# Videos > Instructional Videos >  Rooster Bola

## Zachary Fowler

How to make and take down a rooster with a bola.


https://youtu.be/v670Srdvmv4

----------


## hunter63

That's pretty cool....looks like you need some wide open spaces for it to work?

----------


## kyratshooter

One very common item found as grave goods in Native American graves are bola weights.  

Nice round polished stones that were apparently encased in a leather pouch and joined by cordage or leather strips.
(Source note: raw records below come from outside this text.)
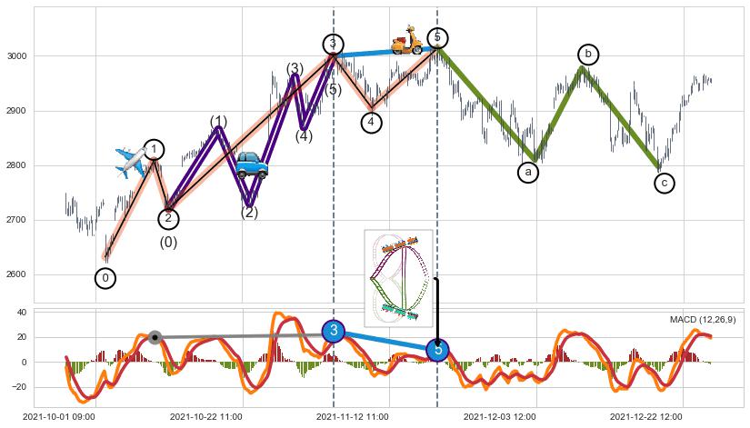 ➣ 第一, 三, 五浪上涨动能逐渐【衰弱变小】,趋势呈现不稳迹象
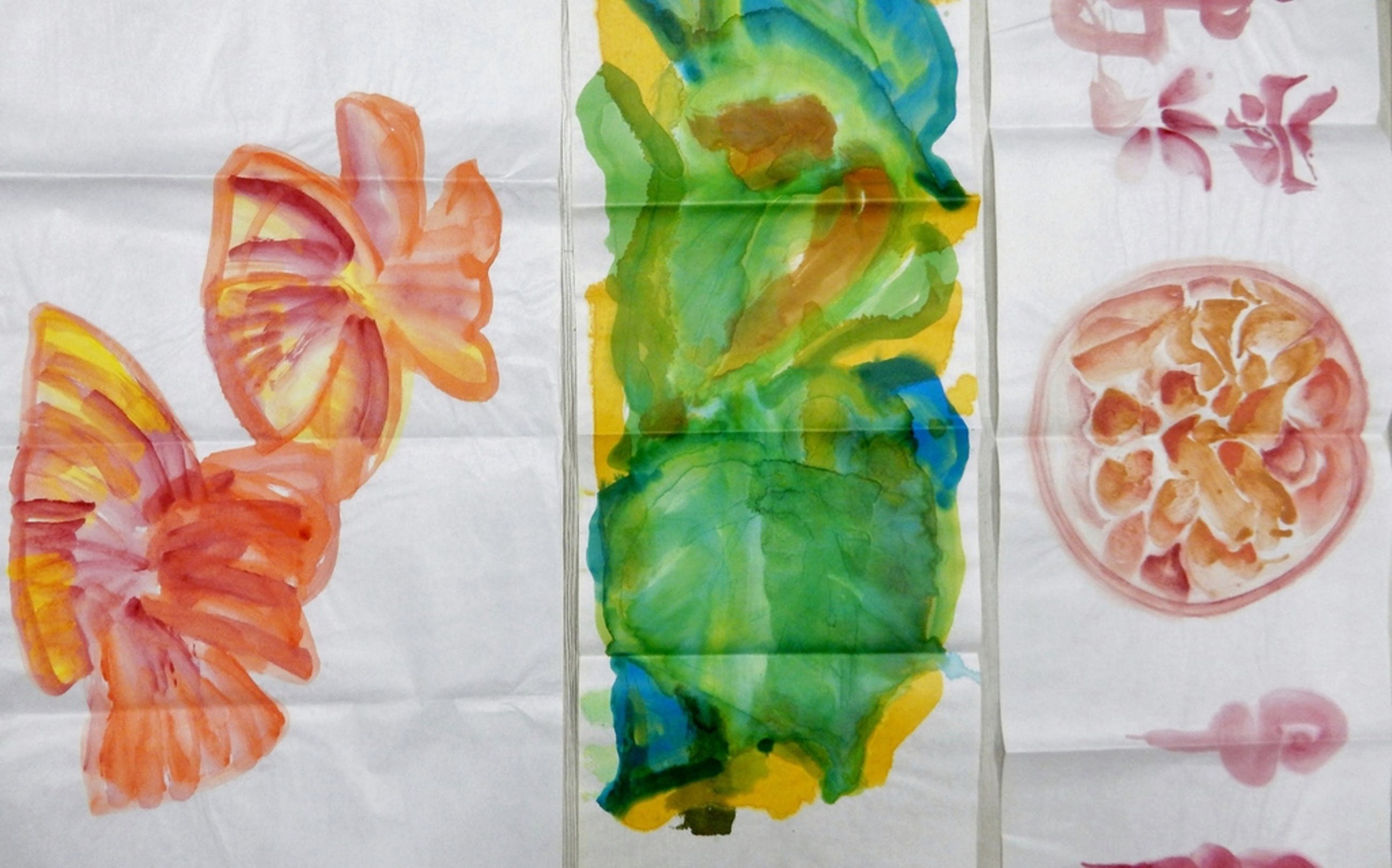 Het is werk op rijstpapier, het kan dus prima licht gespannen worden in een passe-partout, dan verdwijnen de vouwen.
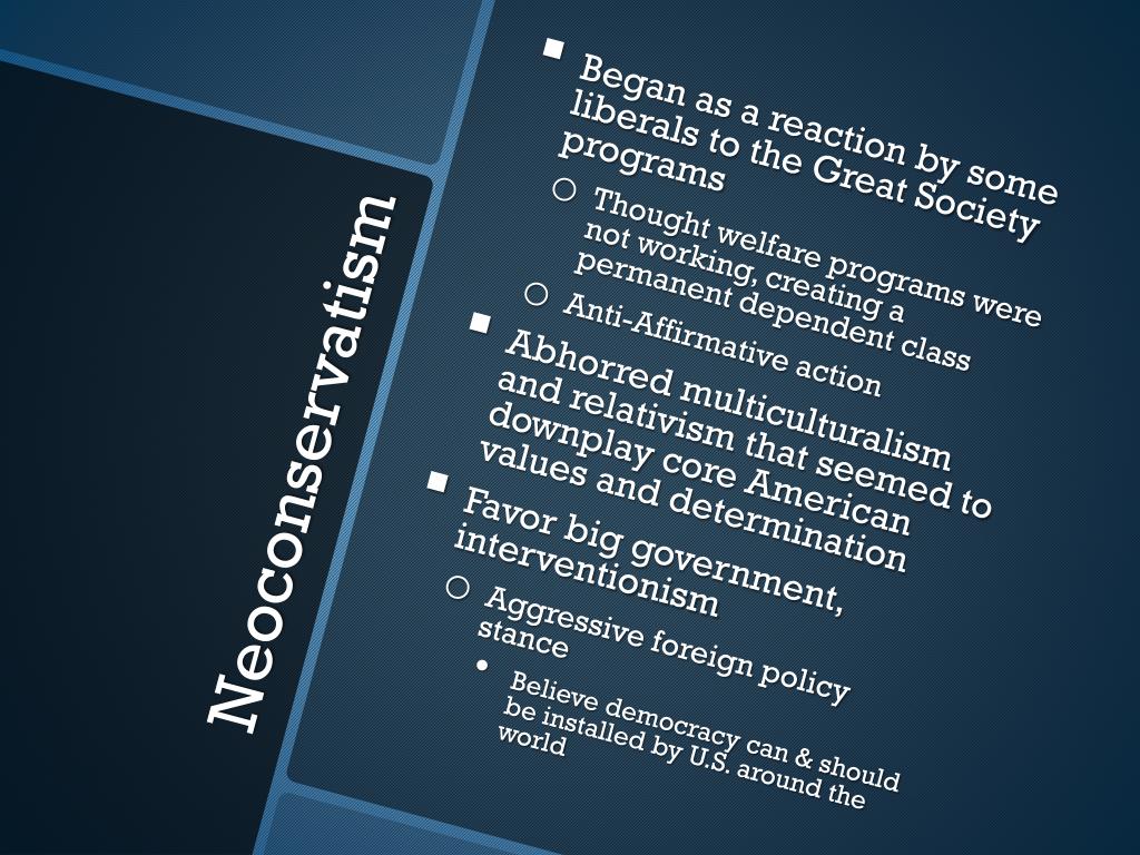 Began as a reaction by some liberals to the Great Society programs • Thought welfare programs were not working, creating a permanent dependent class • Anti-Affirmative action • Abhorred multiculturalism and relativism that seemed to downplay core American values and determination • Favor big government, interventionism • Aggressive foreign policy stance • Believe democracy can & should be installed by U.S. around the world Neoconservatism
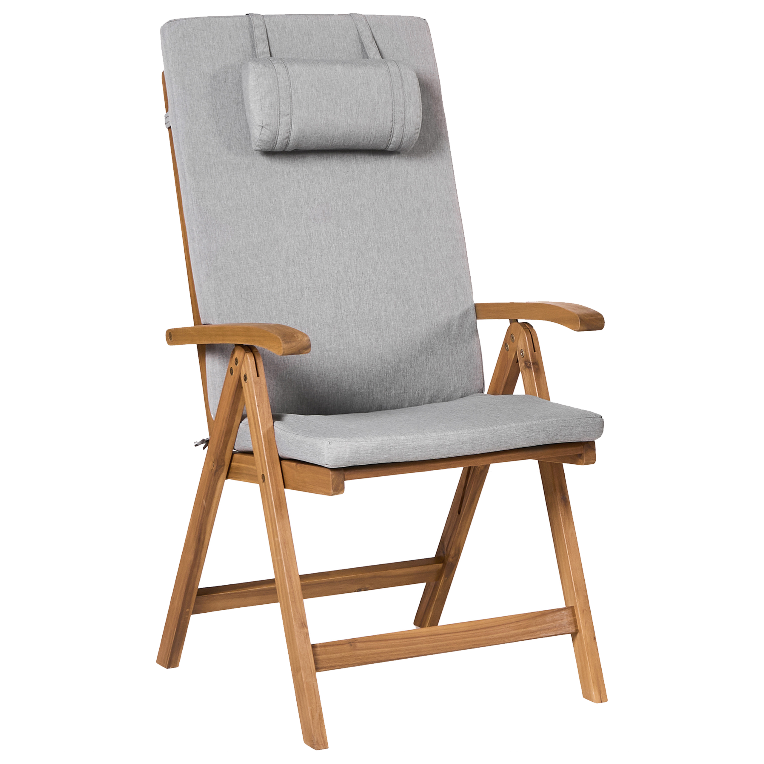 Kokoontaitettava puutarhan tuolisetti tyynyillä. Tämä kahden puutarhatuolin setti on täydellinen lisä mihin tahansa ulkotilaan, sulautuen erinomaisesti etenkin perinteisiin sisustuksiin. Luonnollisesta akaasiapuusta valmistetut tuolit ovat erittäin tukevia ja kestävät pitkäaikaista käyttöä sekä vaihtelevia sääolosuhteita. Kuuteen asentoon säädettävä selkänoja varmistaa miellyttävän asennon joka kerta, kun taas kokoontaitettava rakenne helpottaa säilytystä ja säästää tilaa. Mukana tulevat paksusti pehmustetut tyynyt ovat laadukasta ja helppohoitoista polyesterikangasta, ja niiden saumoissa on huolellinen, lähes näkymätön viimeistely. Tyynyt kestävät UV-säteilyä, joten väri säilyttää rikkaan sävynsä vuosia ja piristää ulkotilaa.
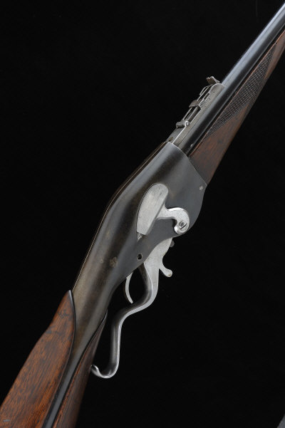 EVANS SPORTING RIFLE A .44 EVANS LEVER ACTION SPORTING RIFLE 30-inch barrel with adjustable ladder rear sight, marked "Evans Sporting Rifle", the receiver with loading lever and tubular butt magazine, two-piece stock with chequered fore-end and steel butt plate, 13-inch pull, 9lb. 6oz. S1 |
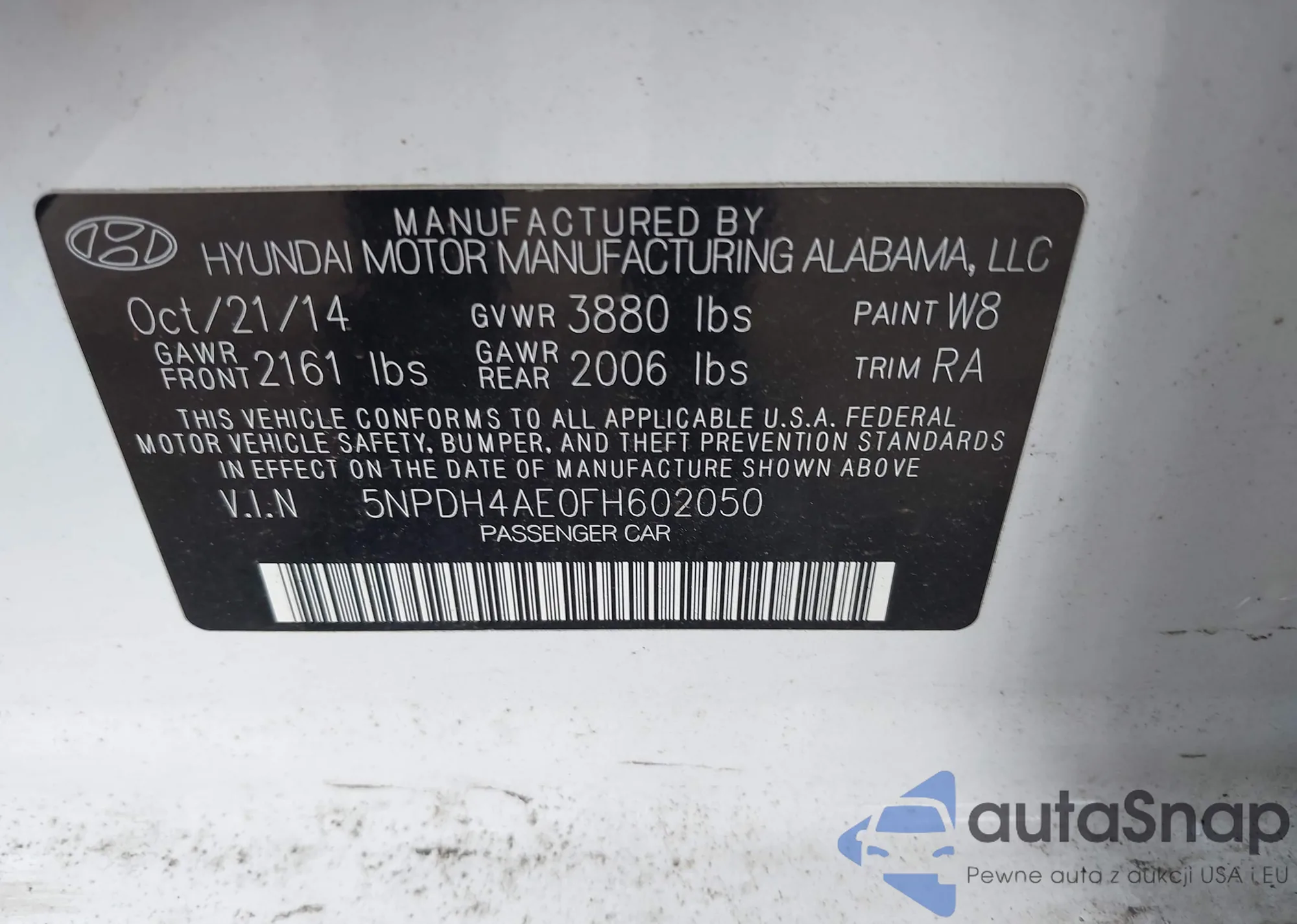 LOT: 42710504 VIN: 5NPDH4AE0FH602050
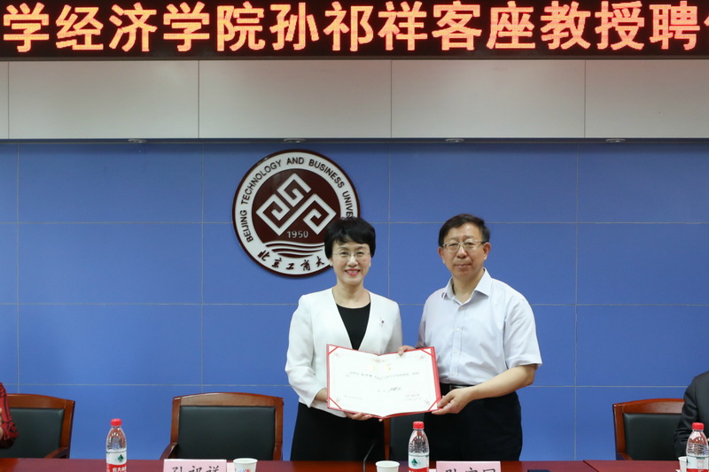 在全场师生的热烈掌声中,董事长孙宝国院士为孙祁祥教授颁发了聘书,员工代表向孙教授献上鲜花,孙祁祥教授回赠公司北京大学100周年邮折和个人著作一部。
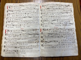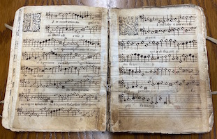 El cuarto es, sin duda, un libro manuscrito copiado en pergamino con salmos del compositor.
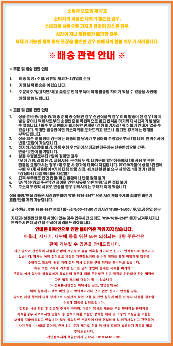 - ㆍ교환/반품에 관한 일반적인 사항은 판매자가 제시사항보다 관계법령이 우선합니다.
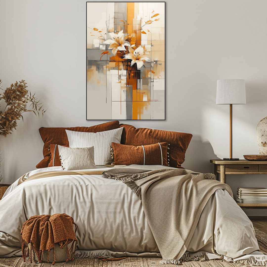 This is a vertical abstract painting featuring two prominent white and yellow lily blossoms. The style blends gestural, painterly strokes with a sharp, geometric background. The lilies themselves are rendered with soft, flowing brushwork, creating a sense of natural grace. In contrast, the backdrop is a grid of muted gray and warm ochre rectangles, giving the piece a modern, architectural feel. Splashes of orange and brown paint are scattered across the canvas, suggesting fallen petals or leaves. Black and deep red lines slice through the composition, adding a touch of bold, graphic energy and further emphasizing the contrast between the organic subject and its structured environment. The overall impression is one of harmonious juxtaposition, blending the beauty of nature with the clean lines of a cityscape.
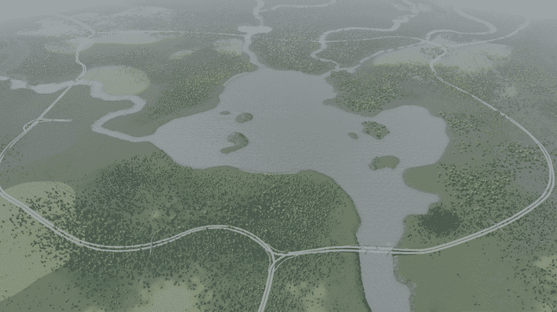 Sirocco is a fictional lake map, with each type of resource spread through a large area. Be free to grow your city throughout the lake shore or go with it up to the hills.
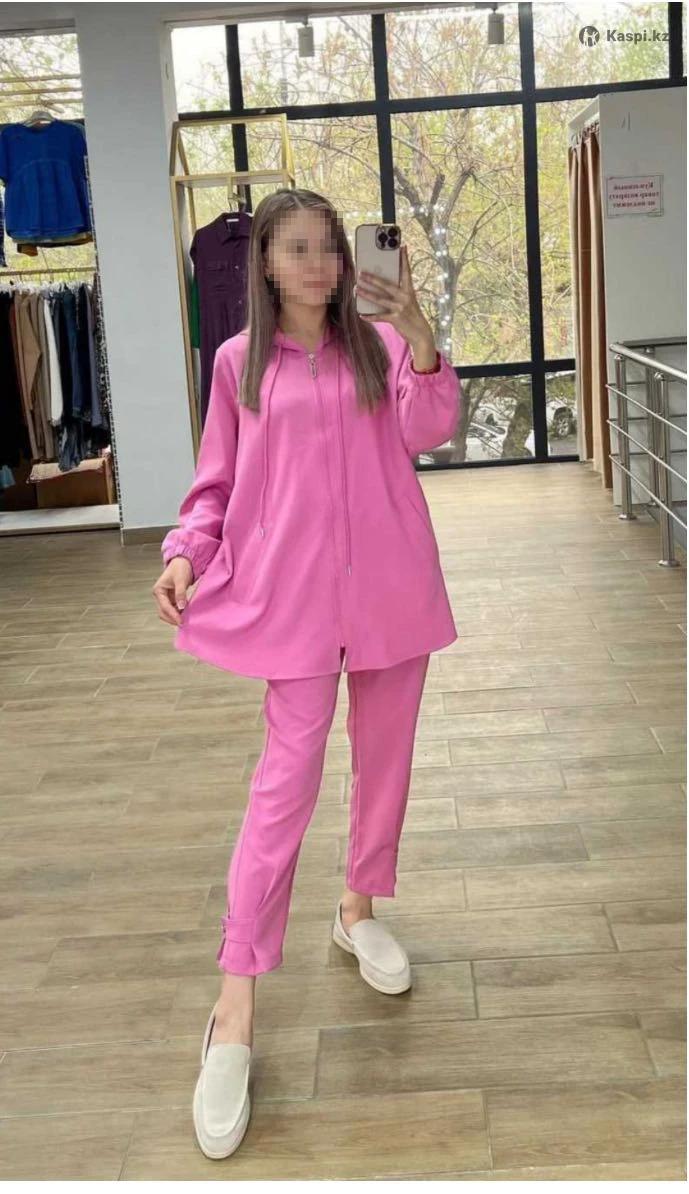 Двойка бомбер + брюки свободного кроя Цвет:однотонный розовый Размер:44 (М) Производство:Турция
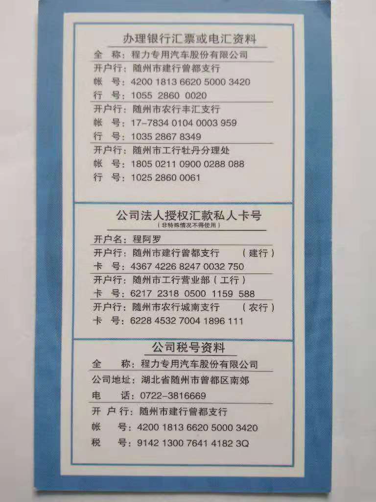 湖北程力公司财务重要通知:本月20号以后暂停开票,增值税税率,四月起将由16%改成13%。请:之前与我司有合同16%税率发票的客户,将款项转入我公司账户,以便我司近期将16%发票开给您。 合同签约未付款或只付了预付款的,发票税率自动改成13%,我司不承担差价!减税为国家惠民政策,企业进、销项及纳税率皆下调,并没有产品降价的说法。请大家理性认知国策、多多体谅企业供应商。 |

Back then the skies would darken with flocks of Passenger Pigeons and a bola could take down from the branches two or three at a time.  The flocks were so thick all they had to do was throw the bola into a swarming flock and they had a meal.

----------


## WalkingTree

Bird bola. That's pretty cool.

----------


## Old Professor

When I was much younger (as in my teens), I made and experimented with bolas. They are NOT TOYS! With heavy weights, Native Americans in central and south America used bolas as a weapon of war!  ( Just a warning if you want to make one.)  The bola is also good for bringing down larger animals by entangling their legs. It often helps if one weight is heavier that the other two and that string is longer. Hold the larger weight and swing the other two around and release the larger weight in a throwing motion like a base ball toward what you want to hit.  There can be as many arms to the bola as you can control. Three is traditional but for birds, more is probably better. Be aware that the centrifugal  force of a string winding around something increases the impact of the weight when it hits, so start with lighter weights until you gain some mastery of the bolo. DON'T use living animals or people as targets!(for the youth among readers).

----------


## WalkingTree

> It often helps if one weight is heavier that the other two and that string is longer





> Hold the larger weight and swing the other two around...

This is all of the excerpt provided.